Quickly recovering casinos
Establishing a sports gambling presence will not be cheap. This is why Penn's casino portfolio is so ideal. As of today, 39 of Penn's 41 properties are open. Furthermore, revenue at Penn's properties is an impressive 94% of pre-COVID levels, and in the second-quarterearnings call management said the company returned to positive free cash flow in early June. Penn's portfolio tilts strongly to regional properties that consumers generally drive to rather than flying to. With COVID-19 halting air travel, this exposure is greatly preferred.
Neither DraftKings nor Landcadia's Golden Nugget brand will be able to lean on this normally dependable source of free cash flow like Penn can to invest in sports gambling. Moreover, unlike either of its rivals, Penn will be offering both in-person gambling and entertainment plus a plethora of digital betting offerings to deepen its connection to the consumer. This is a truly omni-channel approach to sports gambling.

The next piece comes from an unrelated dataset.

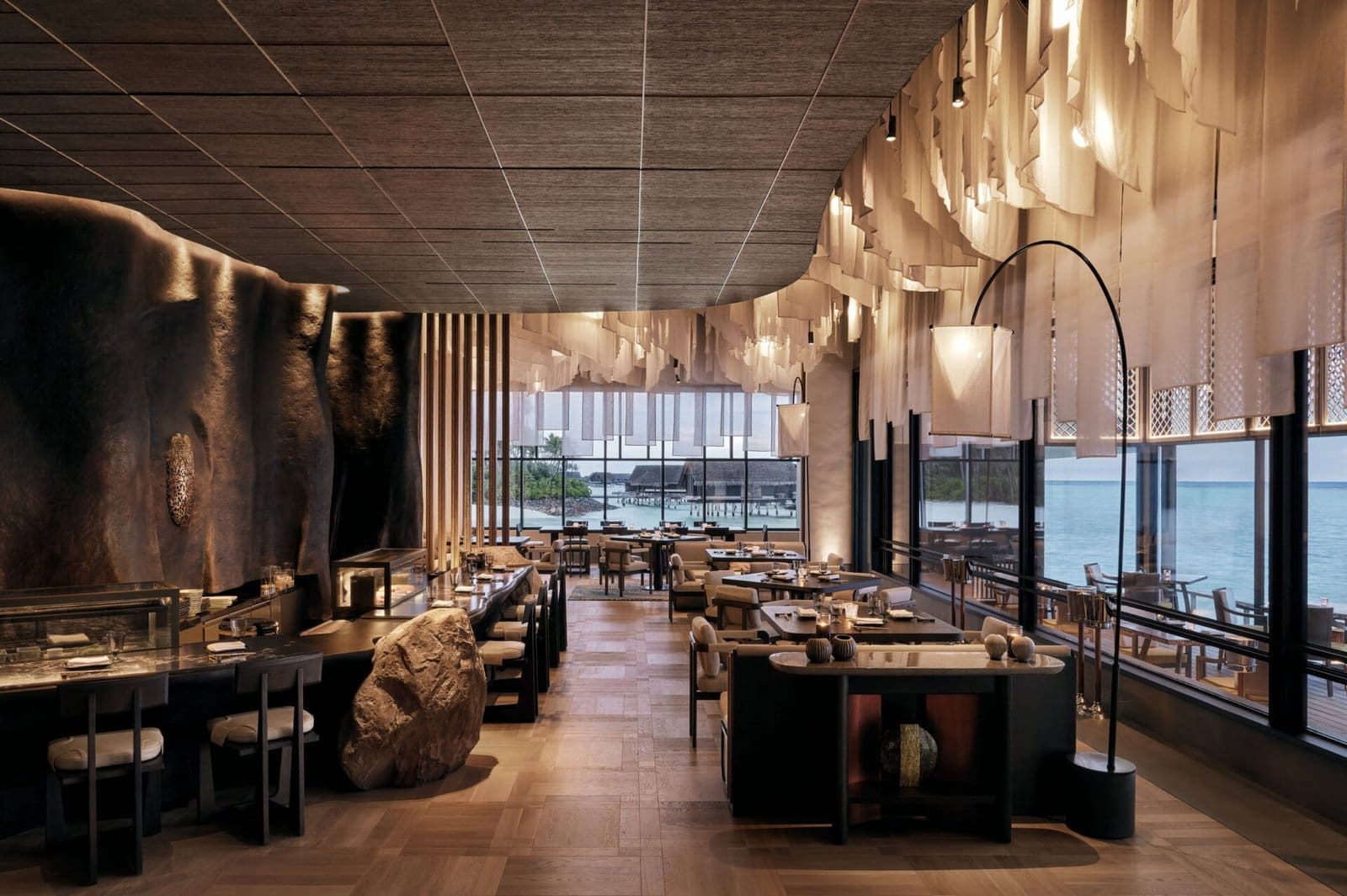 In the Maldives, Tapasake at One&Only Reethi Rah rises above the ocean with its floating glass floors and panoramic views. Fusing Japanese techniques with Mediterranean ingredients, guests are treated to sushi artistry and sake pairings, all framed by Jean-Michel Gathy’s design. As the sun dips below the horizon, cocktails and live music on the Grand Terrace create a dreamy atmosphere that defines barefoot luxury.

Barstool Sports partnership
While DraftKings and Landcadia don't possess physical casino assets to generate free cash flow, both did have powerful brands -- that is, until Penn partnered with Barstool Sports to create a sports betting powerhouse. Earlier this year, Penn purchased 36% of Barstool at a valuation of $450 million. Together, the combination will release Barstool Sportsbook in September in Pennsylvania before rolling it out across more states over the following quarters. What does Barstool bring to the table?
The sports media platform attracts 66 million monthly active users. Neither Landcadia's Golden Nugget brand nor DraftKings enjoy anywhere close to that kind of scale. DraftKings currently attracts 720,000 monthly gamblers. Some 62% of Barstool's giant following identify themselves as sports gamblers, and a full 50% of them gamble on sports weekly. That equates to 33 million Barstool fans who habitually gamble on sports (10% of the U.S. population).
Barstool has additional product differentiators, like two of the top 50 podcasts in the country, and dozens of popular personalities to integrate directly into the new Sportsbook product as well.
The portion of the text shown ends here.